Start of INFORMATION PROVIDED

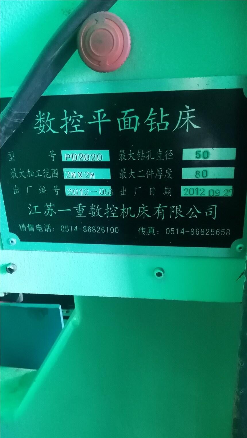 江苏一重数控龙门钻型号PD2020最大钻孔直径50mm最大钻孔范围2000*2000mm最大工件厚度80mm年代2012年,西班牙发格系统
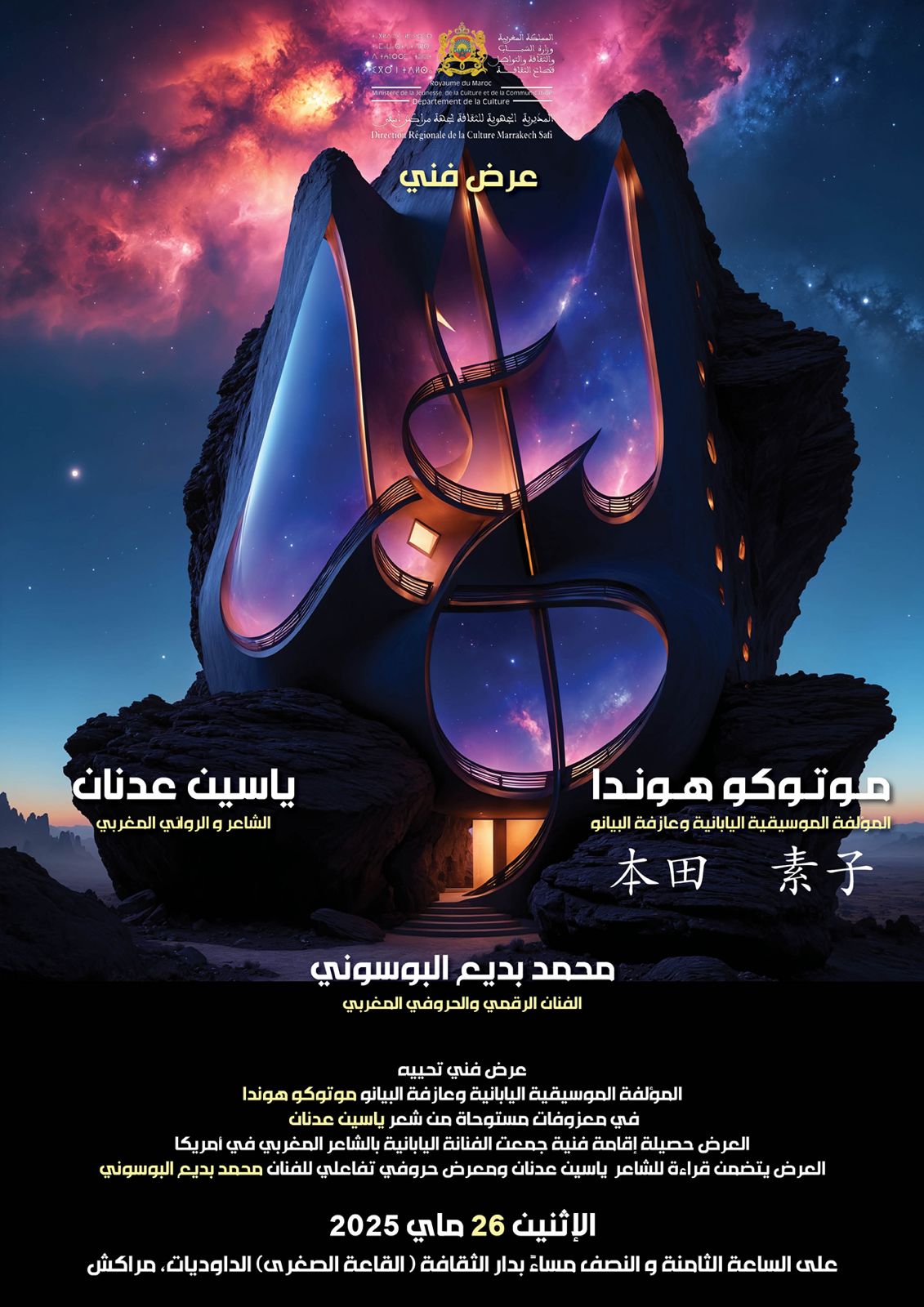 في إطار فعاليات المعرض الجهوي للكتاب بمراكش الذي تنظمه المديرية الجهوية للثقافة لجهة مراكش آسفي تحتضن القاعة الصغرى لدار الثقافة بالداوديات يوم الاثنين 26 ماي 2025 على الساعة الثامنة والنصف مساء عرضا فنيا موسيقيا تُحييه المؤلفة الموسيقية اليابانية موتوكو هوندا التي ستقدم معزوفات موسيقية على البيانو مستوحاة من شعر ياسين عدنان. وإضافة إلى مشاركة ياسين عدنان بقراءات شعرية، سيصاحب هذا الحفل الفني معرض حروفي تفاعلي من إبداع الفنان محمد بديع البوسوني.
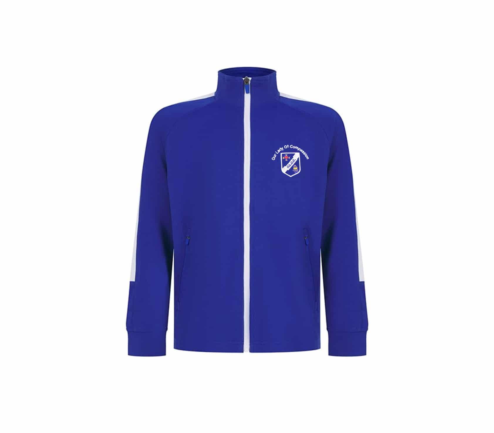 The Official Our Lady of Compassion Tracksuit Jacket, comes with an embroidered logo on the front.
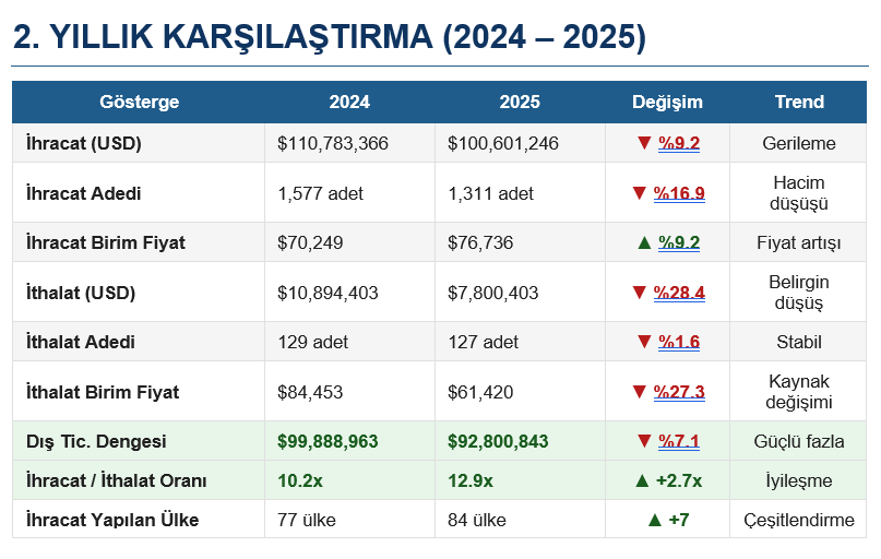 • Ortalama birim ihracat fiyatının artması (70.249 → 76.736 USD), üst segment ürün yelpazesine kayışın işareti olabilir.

End of INFORMATION PROVIDED

### ASSIGNED TASK
An exact copy is needed of only the lines from the top of the material through the line with "في إطار فعاليات"; no pictures belong in it.

### EXERCISE ANSWER
 江苏一重数控龙门钻型号PD2020最大钻孔直径50mm最大钻孔范围2000*2000mm最大工件厚度80mm年代2012年,西班牙发格系统
 في إطار فعاليات المعرض الجهوي للكتاب بمراكش الذي تنظمه المديرية الجهوية للثقافة لجهة مراكش آسفي تحتضن القاعة الصغرى لدار الثقافة بالداوديات يوم الاثنين 26 ماي 2025 على الساعة الثامنة والنصف مساء عرضا فنيا موسيقيا تُحييه المؤلفة الموسيقية اليابانية موتوكو هوندا التي ستقدم معزوفات موسيقية على البيانو مستوحاة من شعر ياسين عدنان. وإضافة إلى مشاركة ياسين عدنان بقراءات شعرية، سيصاحب هذا الحفل الفني معرض حروفي تفاعلي من إبداع الفنان محمد بديع البوسوني.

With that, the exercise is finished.